14.8.1 Bus Lock The 80286 processor implements the bus lock function differently than the 80386. Programs that use forms of memory locking specific to the 80286 may not execute properly if transported to a specific application of the 80386. The LOCK prefix and its corresponding output signal should only be used to prevent other bus masters from interrupting a data movement operation. LOCK may only be used with the following 80386 instructions when they modify memory. An undefined-opcode exception results from using LOCK before any other instruction. * Bit test and change: BTS, BTR, BTC. * Exchange: XCHG. * One-operand arithmetic and logical: INC, DEC, NOT, and NEG. * Two-operand arithmetic and logical: ADD, ADC, SUB, SBB, AND, OR, XOR. A locked instruction is guaranteed to lock only the area of memory defined by the destination operand, but may lock a larger memory area. For example, typical 8086 and 80286 configurations lock the entire physical memory space. With the 80386, the defined area of memory is guranteed to be locked against access by a processor executing a locked instruction on exactly the same memory area, i.e., an operand with identical starting address and identical length.

14.8.2 Location of First Instruction

14.8.2 Location of First Instruction The starting location is 0FFFFFFF0H (sixteen bytes from end of 32-bit address space) on the 80386 rather than 0FFFFF0H (sixteen bytes from end of 24-bit address space) as on the 80286. Many 80286 ROM initialization programs will work correctly in this new environment. Others can be made to work correctly with external hardware that redefines the signals on A{31-20}.

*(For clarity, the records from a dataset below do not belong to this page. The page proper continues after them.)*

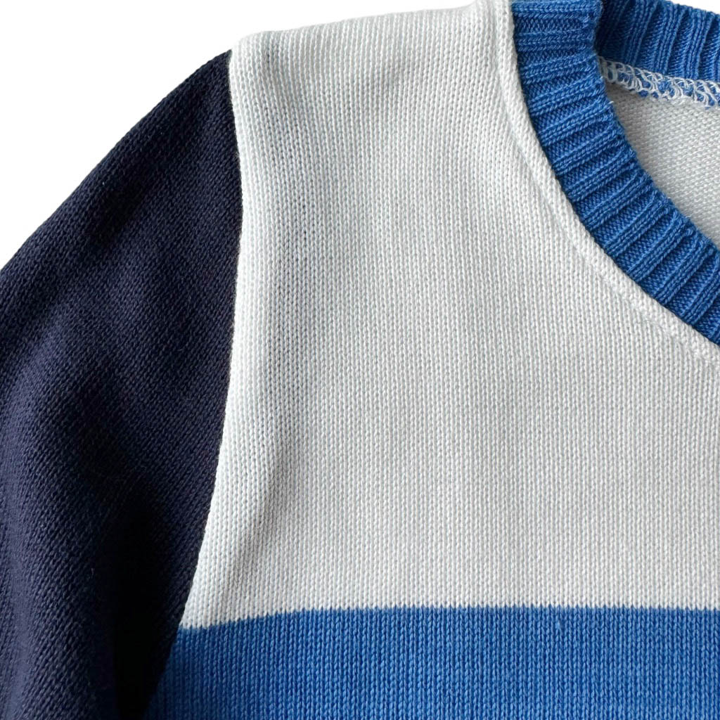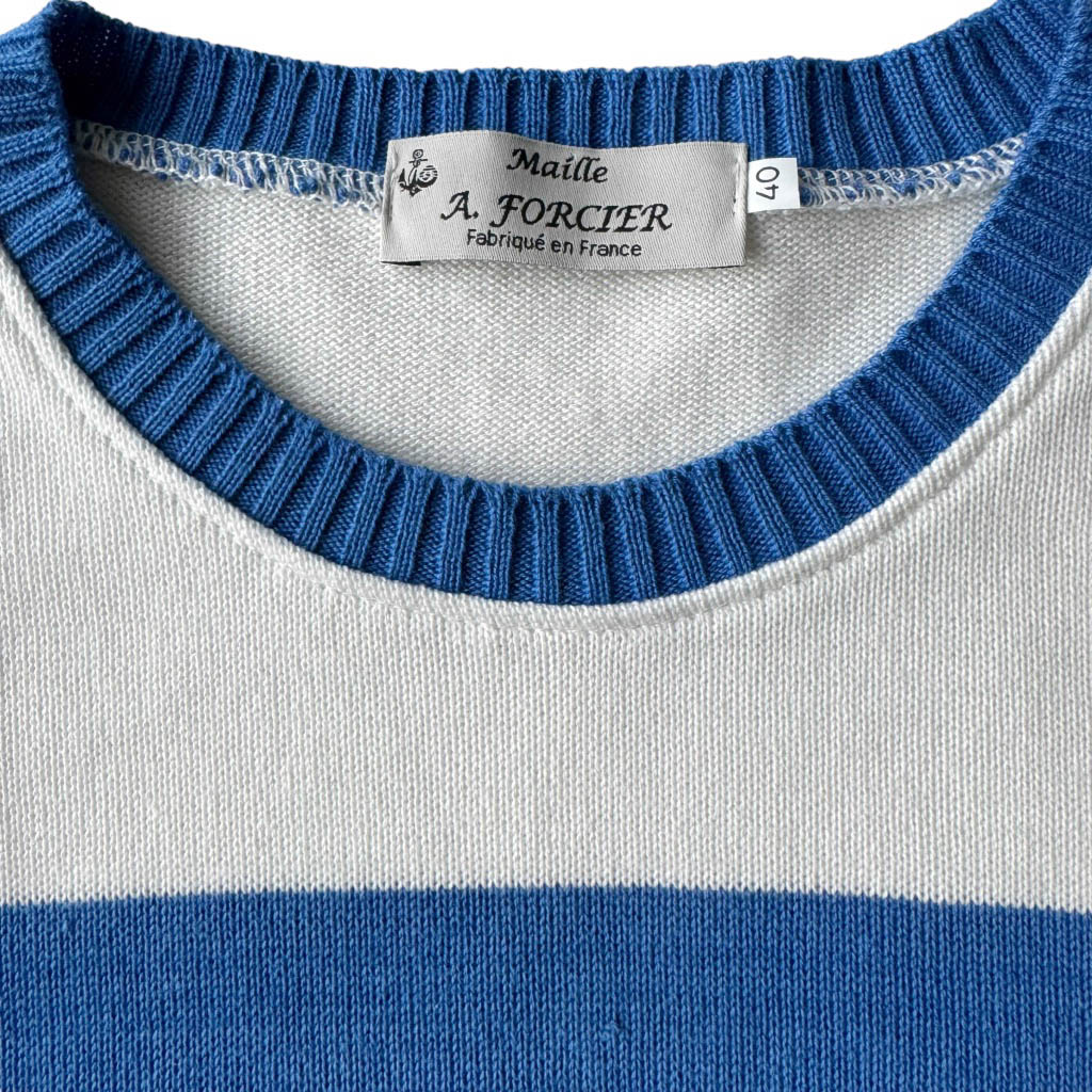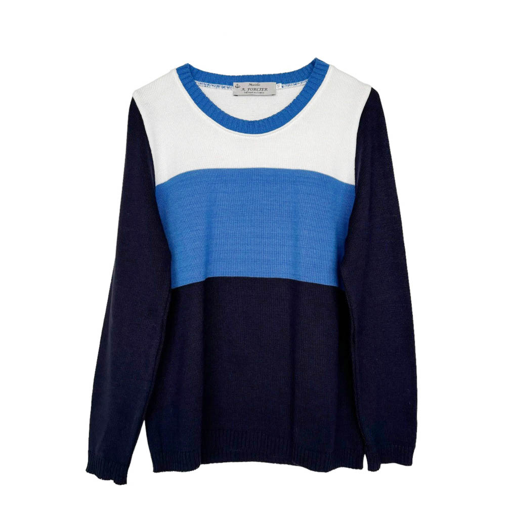 Pull rayé marine blanc bleu A.Forcier Elephant Paris Vintage Années 70, trois rayures dégradées du bleu marine au blanc, compose ce pull léger laine fine et coton, maille extensible belle qualité, coupe droite, made in france Mesures à plat : Epaules 40/45cm, Poitrine 47/59cm, Longueur dos 60cm, Taille globale M/ 38/40
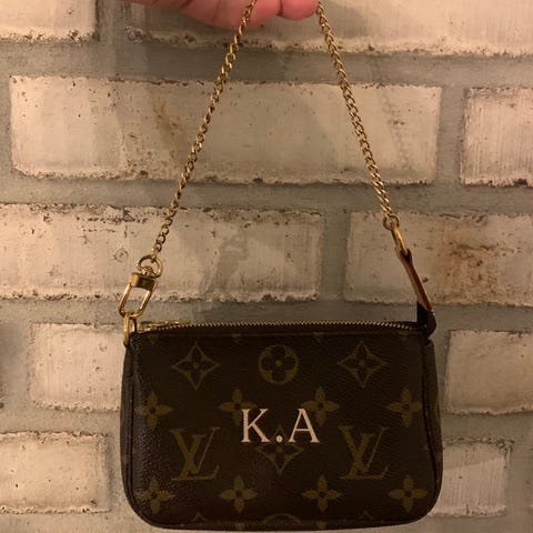 Louis Vuitton pochette accessoires taske i monogram canvas. Hele lynlåsen, læderflappen samt zipper er blevet udskiftet originalt af Louis Vuitton i Paris. Rigtig god stand. Uden strop. Dustbag og kvittering fra Louis Vuitton på udskiftningen medfølger. 21x13x4 cm.
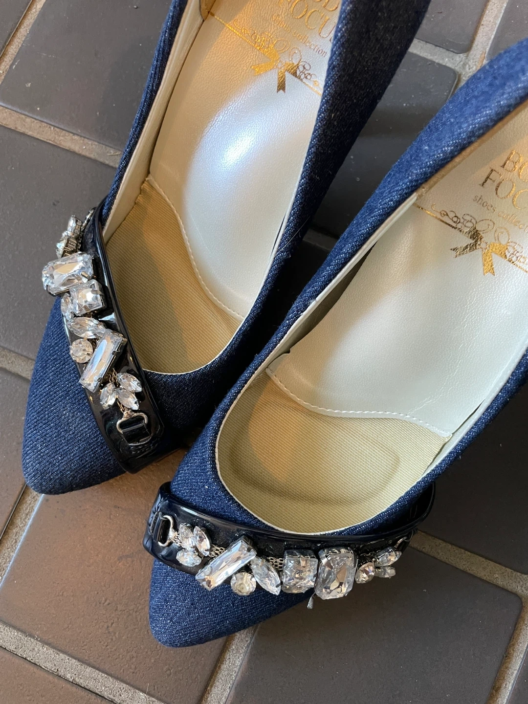 あたたかさデニム生地のパンプスです。 サイズが合わず試し履きしただけです。 ・サイズ:22.0cm ・色:デニム ・ラインストーンの装飾 ・使用感ほぼなし 中古品であ ることご了承ください
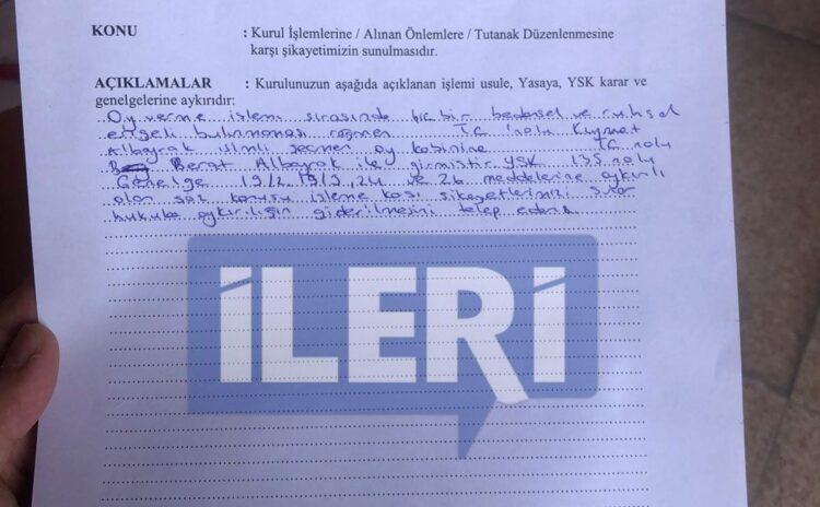 “Oy verme işlemi sırasında hiçbir bedensel ve ruhsal engeli bulunmamasına rağmen, Kıymet Albayrak isimli seçmen oy kabinine Berat Albayrak ile girmiştir. YSK 135 no’lu genelge 19/2, 19/3, 24. ve 26. Maddelerine aykırı olan söz konusu işleme karşı şikayetlerimizi sunar, hukuka aykırılığın giderilmesini talep ederiz.”

14.8.3 Initial Values of General Registers

14.8.3 Initial Values of General Registers On the 80386, certain general registers may contain different values after RESET than on the 80286. This should not cause compatibility problems, because the content of 8086 registers after RESET is undefined. If self-test is requested during the reset sequence and errors are detected in the 80386 unit, EAX will contain a nonzero value. EDX contains the component and revision identifier. Refer to Chapter 10 for more information.

14.8.4 MSW Initialization

14.8.4 MSW Initialization The 80286 initializes the MSW register to FFF0H, but the 80386 initializes this register to 0000H. This difference should have no effect, because the bits that are different are undefined on the 80286. Programs that read the value of the MSW will behave differently on the 80386 only if they depend on the setting of the undefined, high-order bits.